Nokia Siemens Networks (NSN) is running into fresh criticism from the analyst community over its disappointing employee productivity levels compared to its rivals. This comes after its joint owners, Nokia and Siemens, failed last week to find a private equity partner to purchase a stake in the company.
Comparing NSN's productivity with the industry leader Ericsson, Bloomberg reported that NNSN generated sales of around $250,000 per employee last year, 19 per cent less than Ericsson.

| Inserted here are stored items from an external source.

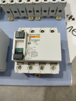 2 Und Interruptor diferencial Merlin Gerin multi9 ID. - Intensidad nominal: 40A. - Corriente residual: 0,300A. - Tensión nominal: 400V. - Poder de corte: 10kA. - Test mensual.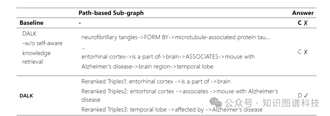 表5:展示DALK有效性的案例。问题是:“对抗阿尔茨海默病神经纤维缠结的大脑区域是:A. 视觉联想区B. 内嗅皮质C. 颞叶D. 外侧膝状体”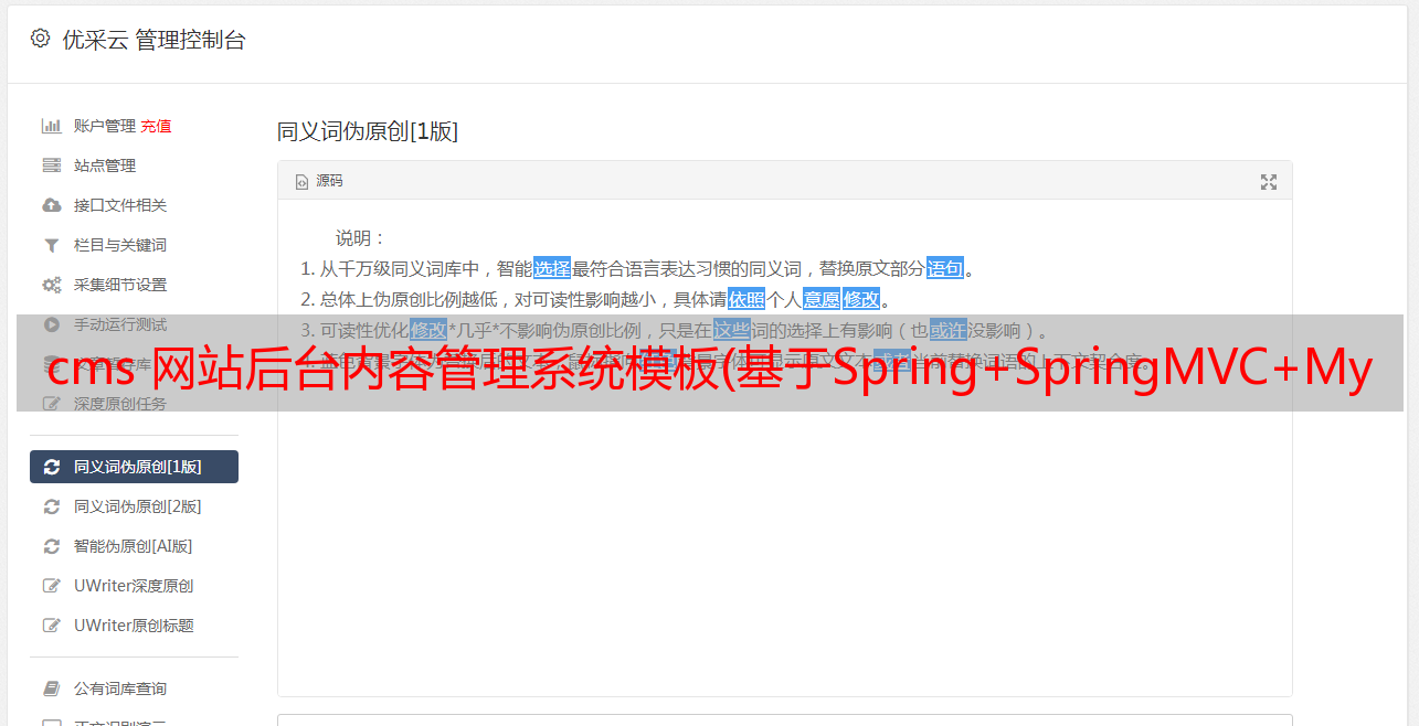优采云 发布时间: 2022-01-17 01:10cms 网站后台内容管理系统模板(基于Spring+SpringMVC+Mybatis分布式敏捷开发系统架构(图))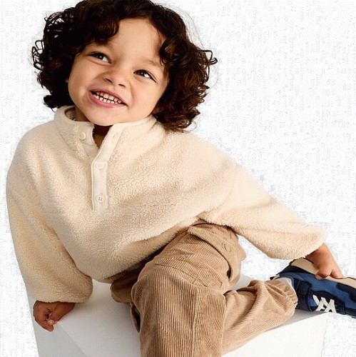 F&F Boys Fleece Button Placket Jacket in Cream

"They haven't fired enough," says James Crawshaw, a London-based equity analyst at Standard & Poor's told Bloomberg. "Siemens historically over-engineered their products and in certain industry verticals people will pay for that, but the telecom sector isn't prepared to pay that premium for German engineering when Chinese engineering gets the job done."
Of note, NSN has also increased its headcount from about 60,000 when it was formed in April 2007 to over 73,000 due to additions from outsourcing and the acquisition of the Motorola unit. Its German operation has almost 10,000 employees.
JPMorgan Cazenove analyst, Sandeep Deshpande, issued a note last week suggesting that NSN could report second-quarter earnings before EBIT of over €82 million on revenue of €3.3 billion.
But even this optimistic forecast failed to convince Bengt Nordstroem, the head of Stockholm-based telecoms consultancy Northstream. "I don't think it's an IPO-ready company," he told Bloomberg. "There is strong growth in mobile broadband, but also tough competition so prices are still very low."
Placing more pressure on the joint venture, a poll last week of 36 analysts conducted by Reuters suggests that Nokia will report a second-quarter loss as its handset business continues to lose market share. Only four of the analysts questioned were positive about the future prospects for the company.